In a wide, silent, ‘ah’ her mouth opened. He was typing again. Rora squeezed her palms together beneath her joined fingers, hunching her shoulders at the same time. “Do you really think you could kill a woman you’d slept with?”
“Wouldn’t be the first one,” he mumbled.
“How do you do that thing where you distort your voice?”
“I carry tech, stops people listening in. Distorts video footage too.”
It was a wonder that he was so casual about admitting his crimes and circumventing the law. “How did you get my license from me and put it back on the table like that? You didn’t even touch me.” He said nothing. “What about Benjamin’s license, where did you get that?”
“It’s a fake,” he said. “And I took your license to prove a point.”
“What point?”
“Carrying ID is an amateur mistake. If I could get it, anyone could, I learned everything about your entire life from that one card. And if you have ID and the cops stop you, that’s it, over… For someone like you anyway.”
“And you?” she asked. “You don’t carry ID?”
“I don’t have ID. Period,” he said. “I’m not on any database either… not for long anyway.”

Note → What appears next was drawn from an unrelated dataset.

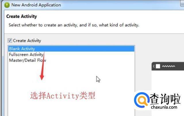 接下来会进入Activity类型选择界面,这里直接选择Blank Activity选项,如下图所示

Peering at him, she watched the intensity of his focus. This guy was beyond an enigma, all she had were questions. “I don’t believe that,” she said. “I heard you were wanted in a bunch of countries, that means you’ve travelled. You can’t travel without ID.”
“Says who?” he asked and paused to look at the ceiling as if he was considering something before he stopped working to look at her. “First, you don’t have to be in a country to break their laws. Sitting right here at this table, I’ve added myself to—and erased myself from—at least three wanted lists, and none of them belong to the country we’re sitting in.”
“So, you’re on their wanted lists without ever leaving the country you were born in? You’ve really never been out of the country?”
“Who says I was born here?” he asked.
“Oh my God!” she exclaimed, throwing up her hands. “Where were you born?”
“That’s a question a lot of people would like answered,” he said and went back to ty
ping.
But she pushed the lid of the laptop down, almost trapping his fingers again. His hands balled to fists that he dumped on the table on either side of the computer, while he huffed through tight lips.
“Strike—”
“Stop saying my name in public,” he said, but she glanced around and there were only three other people there; one guy at the counter, and another couple way on the other side of the room. “Get out of the habit.”
“Are you an American?”
“Does it matter?”
“Yes,” she said. “I don’t get it. I don’t get why you covet this reputation. Do you know what people say about you?”
“That I broke every one of the ten commandments the day I first walked your mortal earth? That Satan himself spat me out of hell for trying to take over? Yeah, I’ve heard what they say.”
“And?”
“People leave me alone,” he said, opening the laptop. “I like the stories.”
“Didn’t work on me.”
Her lips turned up in a grin, and she hunched down to hide herself behind the top of his laptop, letting herself peek over it at him with glittering mischievous eyes.
“We’ve already established that you’re… you know…” he said, little emotion in his words.
It was nice that he didn’t say the word she hated so much. “Is any of it true? Any of the stories?”
“My father was Satan,” he said, “that one’s true.”
“Maybe we’re related,” she said, thinking of her brother and his father.
“Could be.”
He spoke without his fingers slowing or his expression changing, but such a statement buried itself into her consciousness. She wanted to know more but would save getting into parentage for a later date because the last thing she wanted to do was talk about her own.
“Isn’t it lonely?” she asked. “How long were you with Bella? Does she know everything about you?”